Aussie_Lurker said:
OK, so how do you respond to critics who might say your model is unfair because it unduly harms those who have large nations? (which it will, btw)
That's not a bug, it's a feature. The original complaint was that infinite movement is too powerful. Logically, infinite movement helps large empires more than small ones. Restricting infinite movement, by whatever means, will thus harm large nations more than small ones.
Aussie_Lurker said:
It will also encourage people to build ridiculous 'railroads to nowhere' (or right out to peoples borders, to be precise) because they know this is a
de-facto unlimited movement system!
The status quo is railroads to nowhere. If a player wants to devote the worker time to building railroads out into the middle of nowhere, they can. We already do in Civ3. The utility of doing that is limited, however, as the trip is one-way. You have to walk back. I note that the system you suggested had the same "flaw." Regardless, this could be solved by a rule that units could not get on
or off railroads except in cities. You can build a railroad to nowhere, but you can't do anything once you get there. If the original model does suffer from that problem in actual game play, that's an easy fix that leaves the fundamentals unchanged.

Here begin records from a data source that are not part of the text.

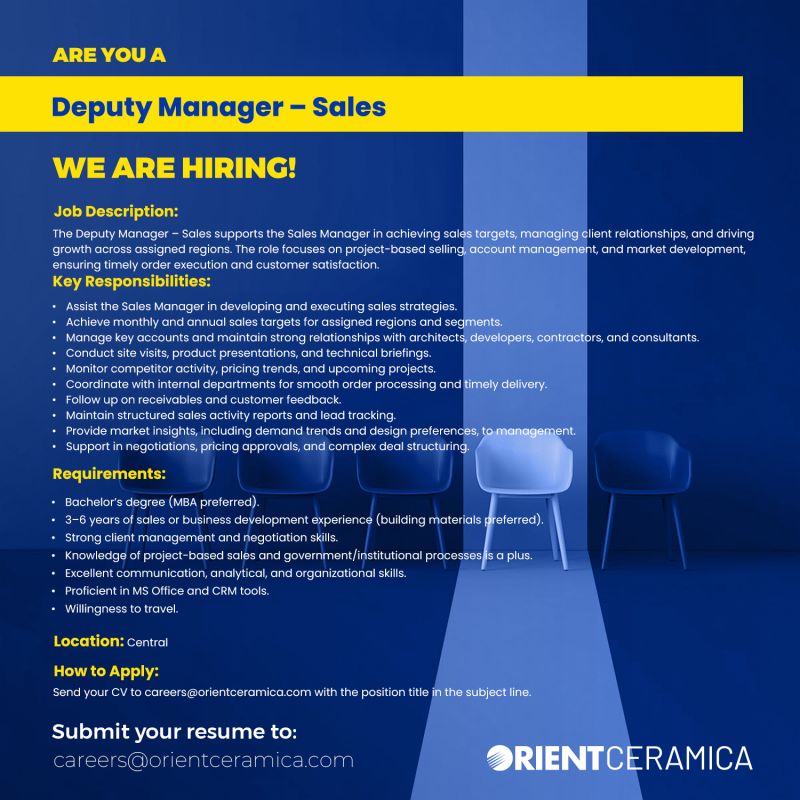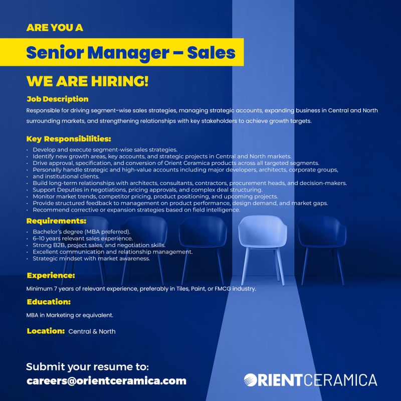 Orient Ceramica is expanding its Corporate Sales Department and is looking for energetic, result-oriented professionals to join our growing sales team.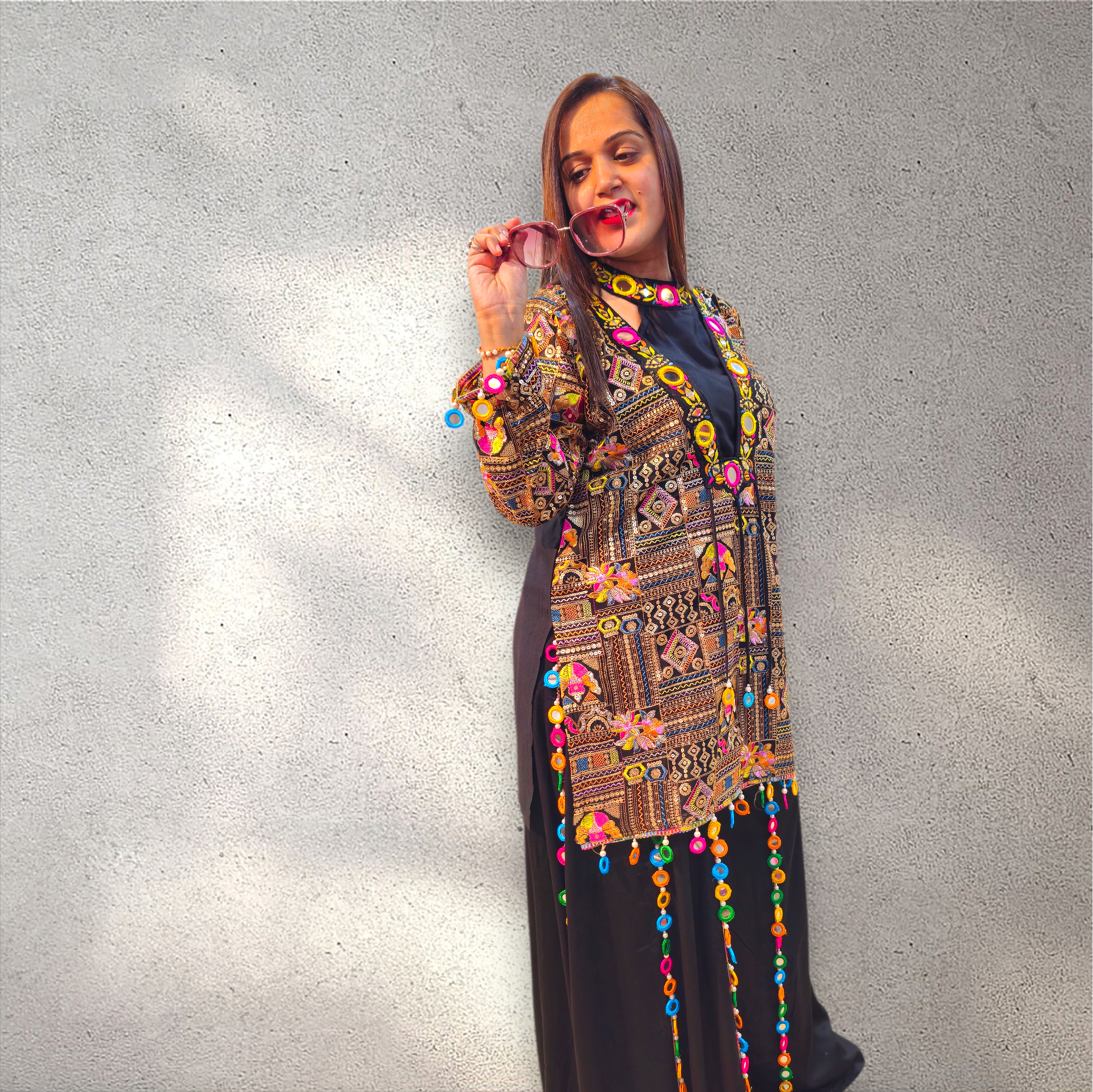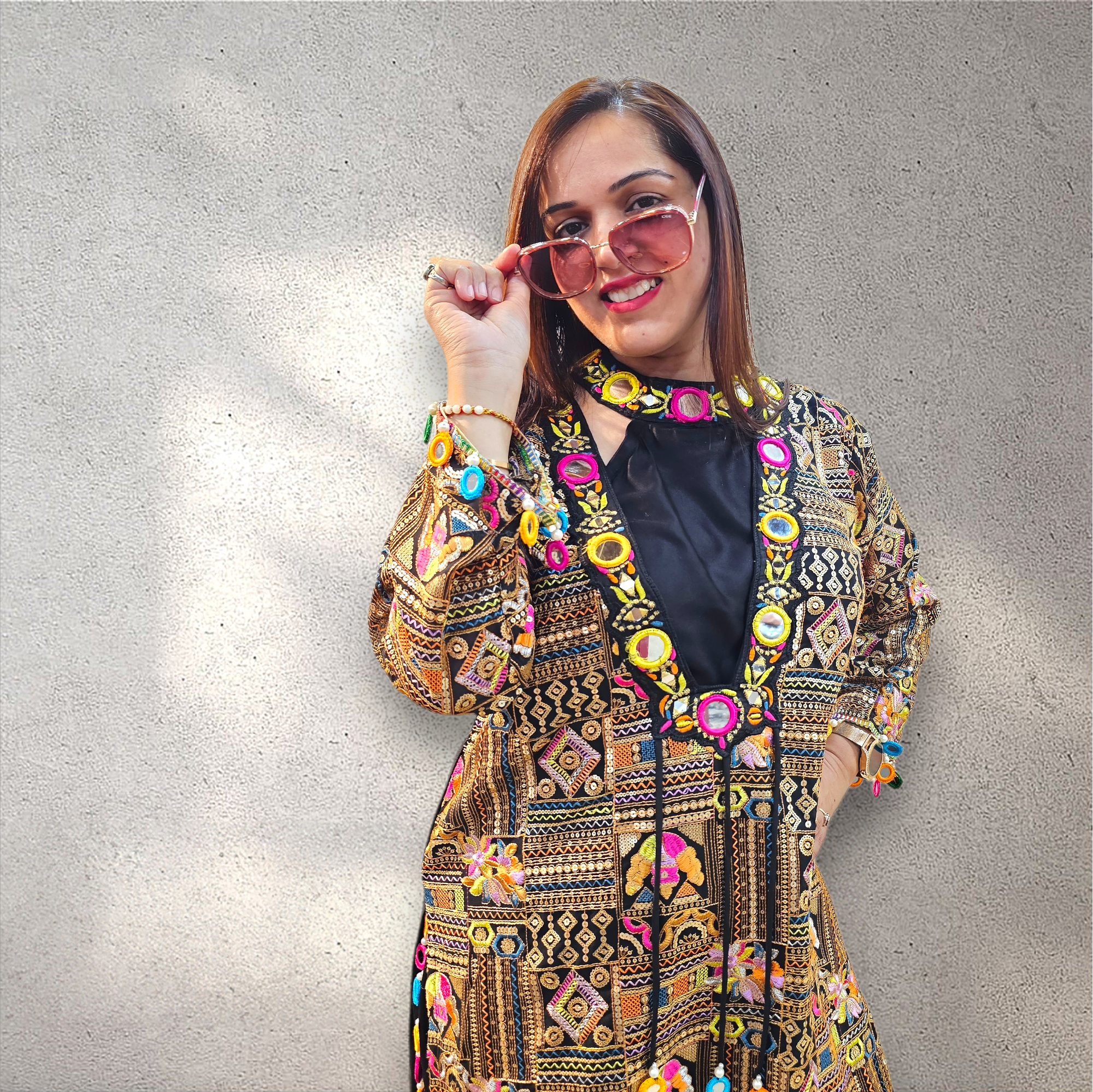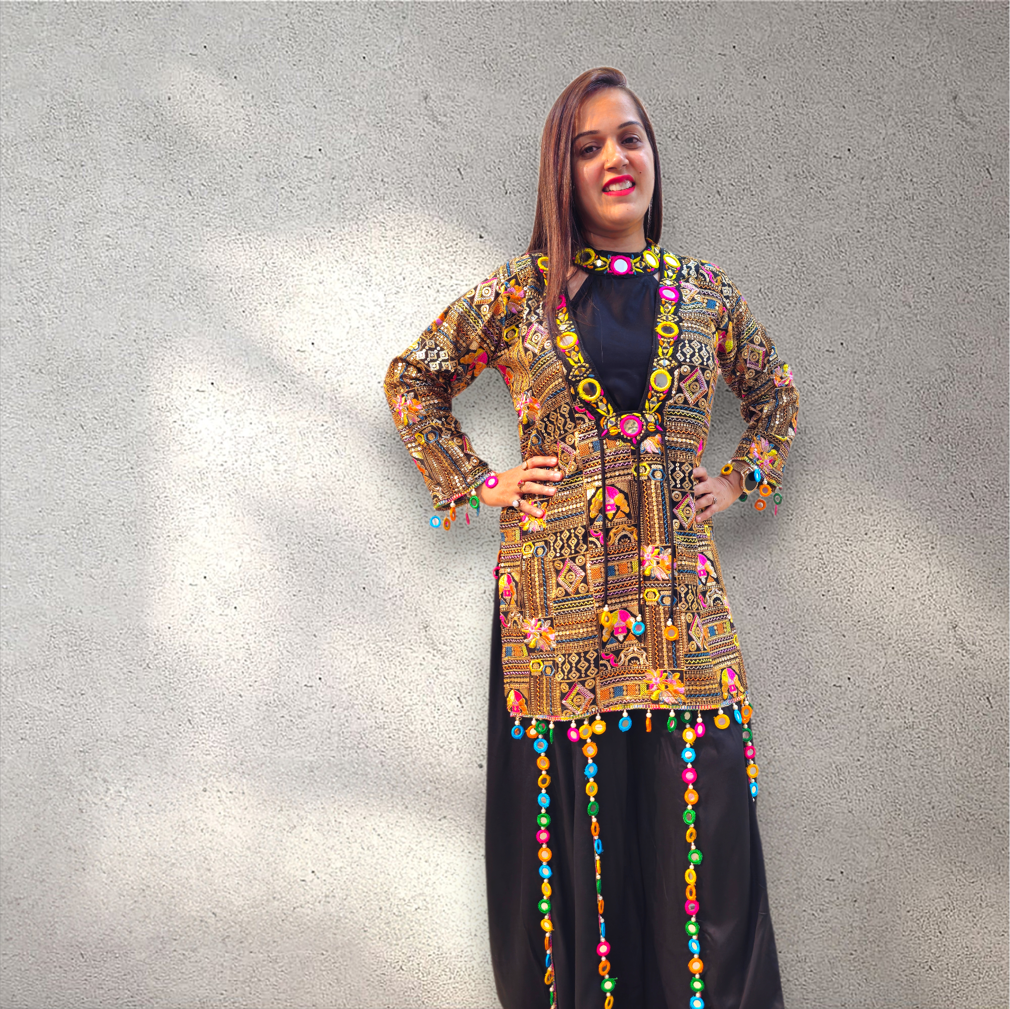 A vibrant Indo-Western ensemble featuring a beautifully embroidered jacket paired with a flowy black silhouette, highlighted by colorful mirror detailing. Elegant yet playful, this design is perfect for festive occasions and statement styling.
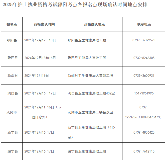 附件:?2025年護士執(zhí)業(yè)資格考試邵陽考點各報名點現(xiàn)場確認時間地點安排?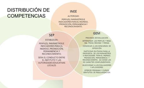 También se establece la distribución de competencias para las autoridades educativas y el Instituto Nacional para la Evaluación de la Educación (INEE) .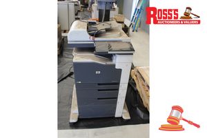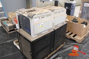 BUNDLE CONSISTING OF: 2 x METAL SERVER CABINETS, APPROX: 590mm x 610mm x 630mm; 1 x METAL SERVER CABINET, APPROX: 620mm x 610mm x 930mm; AND 2 x HP CP4025 COLOUR LASER PRINTERS, ELECTRIC, 240V PLUG, UNTESTED.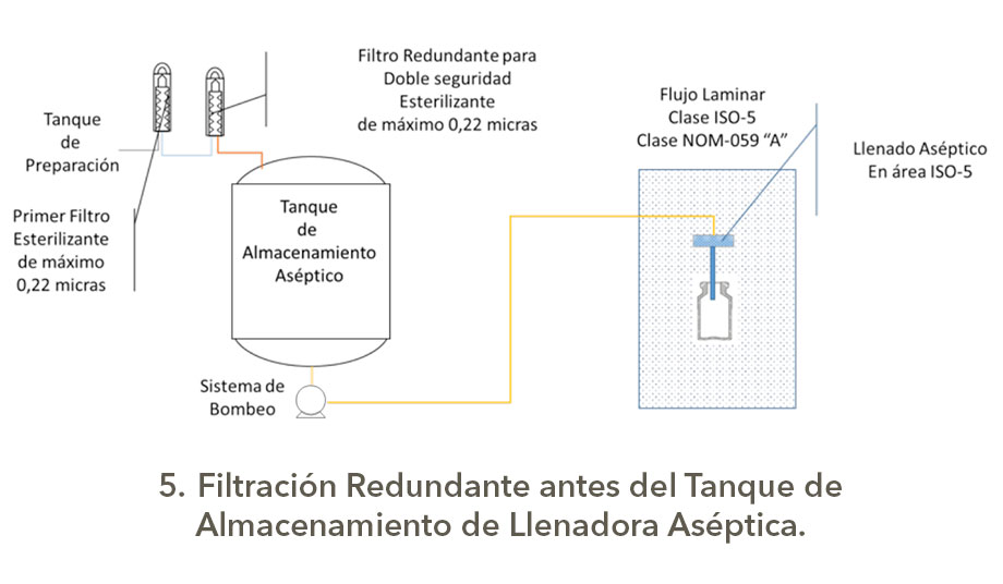 Pero en la práctica, los registros actuales de productos estériles por procesamiento aséptico fueron otorgados sin filtración redundante o varios de ellos, así como los estudios de estabilidad fueron realizados para lotes fabricados en su mayoría sin ésta y no se consideró la probable adsorción de activos o el efecto de los lechables o lixiviables (correctamente dicho) en una doble filtración, esto es importante para un sistema legado en México con esta realidad.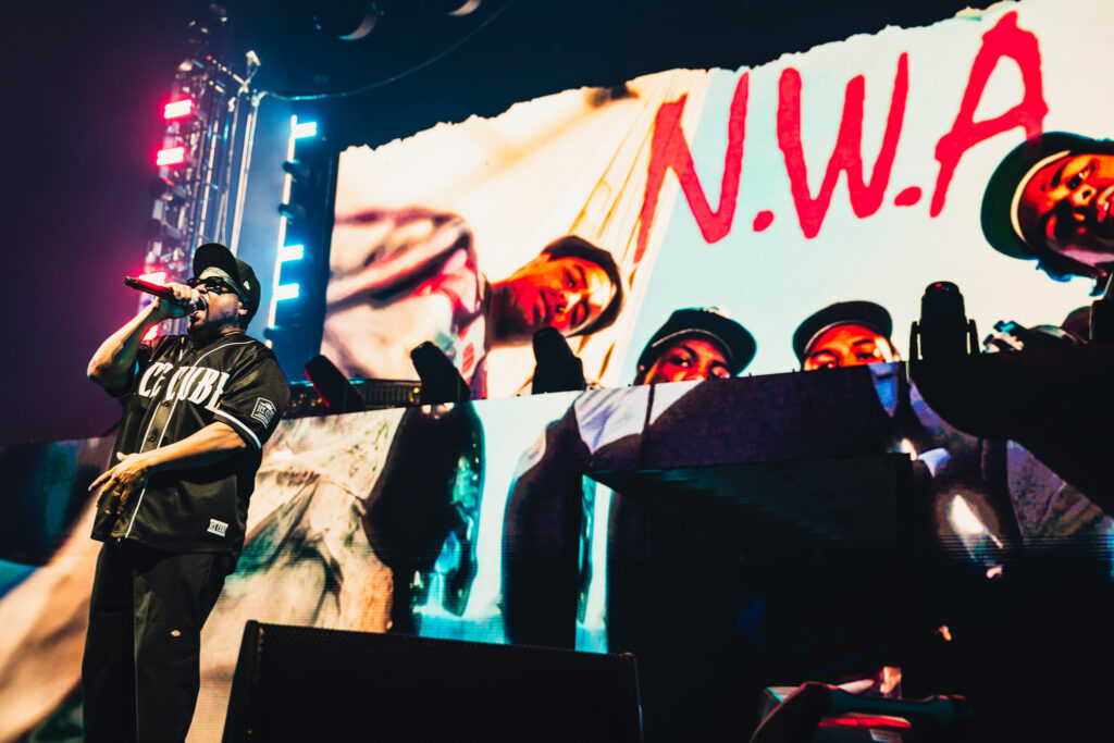 “Straight Outta Compton” closed out the N.W.A. portion of the night with a bang, wrapping up an opening run so electrifying it’s hard to fully capture without witnessing it yourself. After the track, Cube stepped offstage, and the screens lit up once more, this time taking fans through his journey into the 90s as he launched his solo career. The crowd lit up with smiles and nods, many reliving memories from the era as Cube’s story unfolded before them. When he returned, the arena erupted. Cube unleashed a string of classics, including “Once Upon a Time in the Projects,” “No Vaseline,” and “Check Yo’ Self”. As we reached 1994, Cube talked about how Eazy-E’s loos created sadness, and previous years were too wild. So he decided to write a film, Friday. The introduction led him to the performance of the track which triggered the brains of every audience member to dance. He included a small vignette dedicated to his friend, mentor, the late great John Singleton, who directed the hit film Boyz-N-The-Hood. It was a touching and honourable tribute.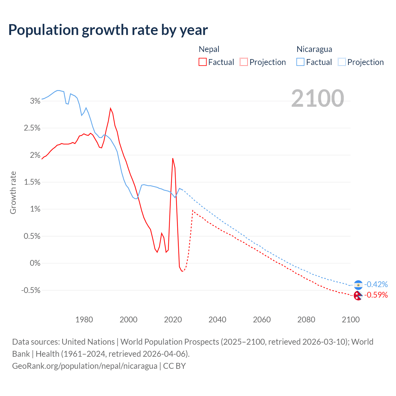 - For the last 10 years, Nepal has had an average growth rate of +0.66% per year vs +1.33% in Nicaragua.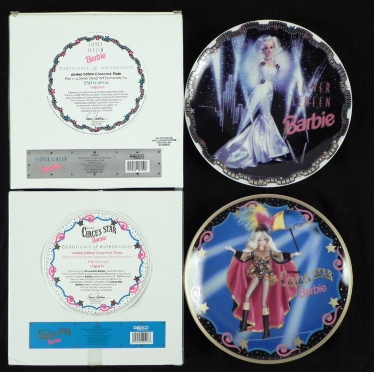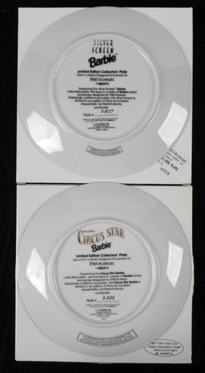 Silver Screen & Circus Star Barbie LTD. Ed. Plate Mattel MIB * Included plates:Circus Star BarbieSilver Screen * Detail: Mint in boxSold by FAO Schwartz *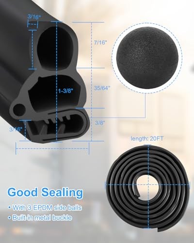 Automotive Door Weather Stripping, Car Door Rubber Seal Strip Trim with 20FT
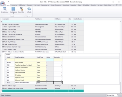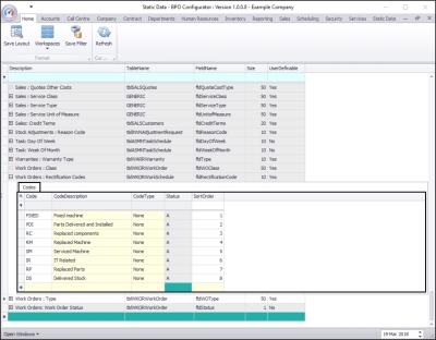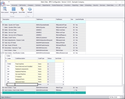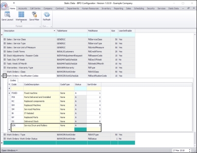 - Here you can view a list of work order rectification codes currently on the system.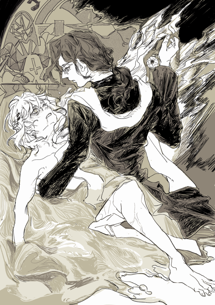 他的神父大人给了他想要的东西,因此他们二人之间建立了联系。春人想。和往常的任何一次都不同,那些只是金钱与欲望的交易,而这一次则是因为爱,两人都打破了自己的界限,就像狐狸从小王子那里得到了名字,从此二人在对方的身上刻下了爱与罪的印记,这份印记会跟随他们成长,老去,死亡,末日审判,直到未来永劫。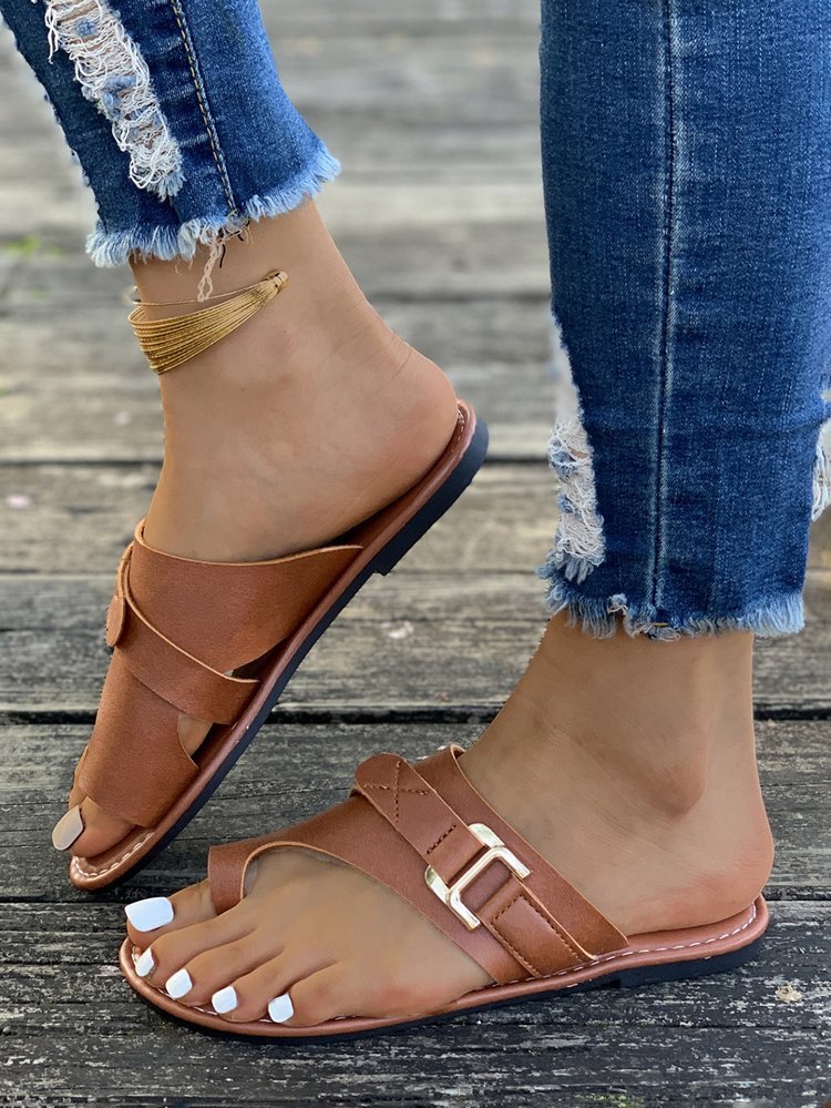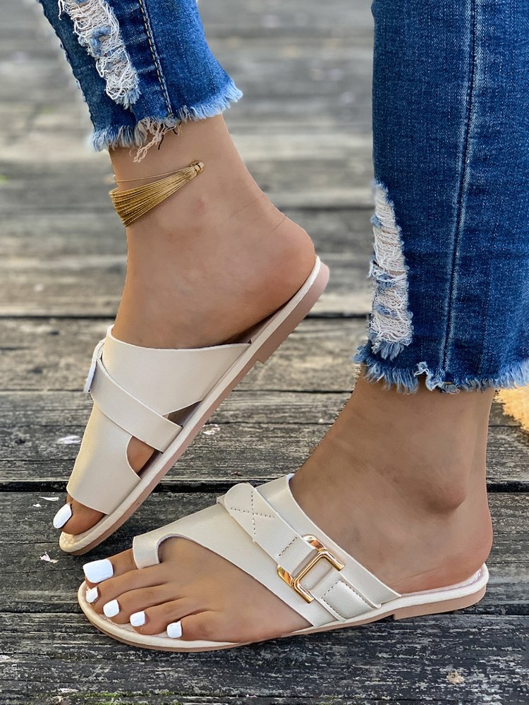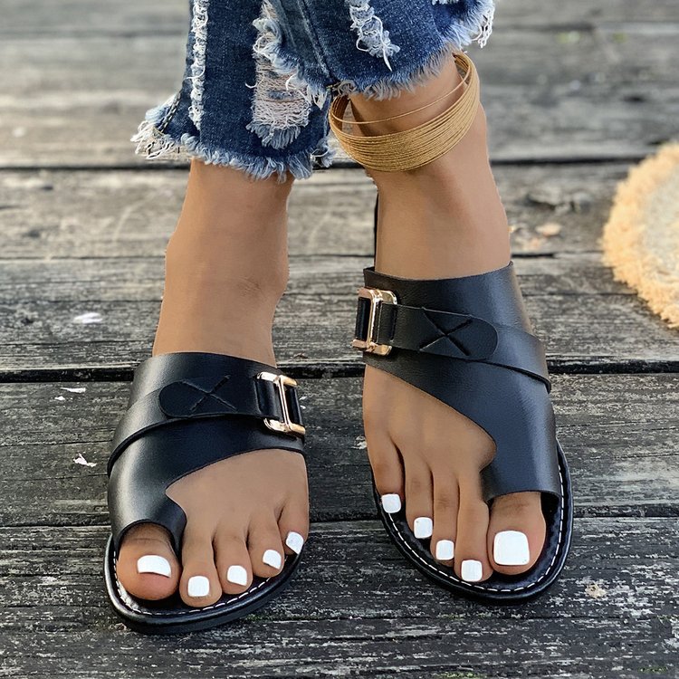 국경 간 플러스 사이즈-바닥이 평평한 발가락 슬리퍼 여성 2024 여름 폭발 평평한 바닥 샌들 여성

It isn't an unlimited movement system because it takes 1/3 MP to transit a city. There is limited space to build railroads and limited worker time to build them, so it is highly unlikely that a player will build express connections between every single pair of cities. Getting on the railroad in the first city will take 1/3 MP off the top, and every subsequent city takes another 1/3. There will be no unlimited movement. An alternative suggestion someone made was that there be no per-city move cost, just that riding the rails ends the unit's turn. That would also be acceptable to me.
Aussie_Lurker said:
It will also require players to keep track of how many cities they have been through-in order to make certain that they have sufficient movement points left if they want to make any attacks-thus increasing MM.
No more so than moving through roads or any other kind of terrain. The MP would be displayed the exact same way as with other movement. I expect that most players would use a GO TO command for long-distance trips anyway, which in Civ3 calculates for you how many turns are necessary. Failing that, there's the alternative mentioned above with railroad trips always taking a full turn.
Aussie_Lurker said:
So, essentially, if I have this correct, your model retains all of the worst flaws of the current RR system (de-facto unlimited movement for 'rules rapists', RR sprawl and a non-strategic RR system where a player can effectively move his entire military from one end of his nation to the other) whilst adding a whole new layer of MM to it.
Asserting this does not make it true. You do have a point, though it is a little hidden by the anger. It is possible to move a nation's entire military from one point to another. However, wouldn't that be possible in a capacity-based system as well, if you had sufficient population and improvements for the requisite capacity points? To avoid that, you would have to tune the capacity implementation such that the railroad's capacity in a given turn would only be enough to move part of the army, which is a tricky balancing act.
Aussie_Lurker said:
I don't see how this is any better, or more realistic, than the system which I have proposed.
A railroad's effects are not dependent on any distant actions. If I have a railroad west of Paris, it behaves the same regardless of what size Marseilles is or whether Brest has a train station. Trains slow down when passing through cities, but, otherwise, rail lines have very high capacity. Railroads lack the flexibility that roads have in moving from one arbitrary point to another; they tend to be more like spokes connecting cities than omnipresent infrastructure. Railroads are for movement of goods and units up to but not including the "last mile." Players would not be able to use railroads to deploy military units to fight; nor would it be easy for a unit to fight, get on the railroad, and go to the other side of the continent. Railroads have a high cost to construct, but a low cost to use in comparison to ordinary roads.
Aussie_Lurker said:
The fact is that there is only a single point at which my system is unrealistic, and it is the one which I have freely and readily admitted, and have explained its neccessity from a gameplay point of view. However, in the area of the effect of population and technology on RR capacity, I am actually pretty close to the mark in realism terms.
I counted three:
1) Capacity is common throughout the empire
2) Capacity increases automatically with population
3) Building a rail-related improvement increases capacity
Maybe you counted those as a single one.
I think, if nothing else, this conversation tells me that infinite movement may be the least of all evils.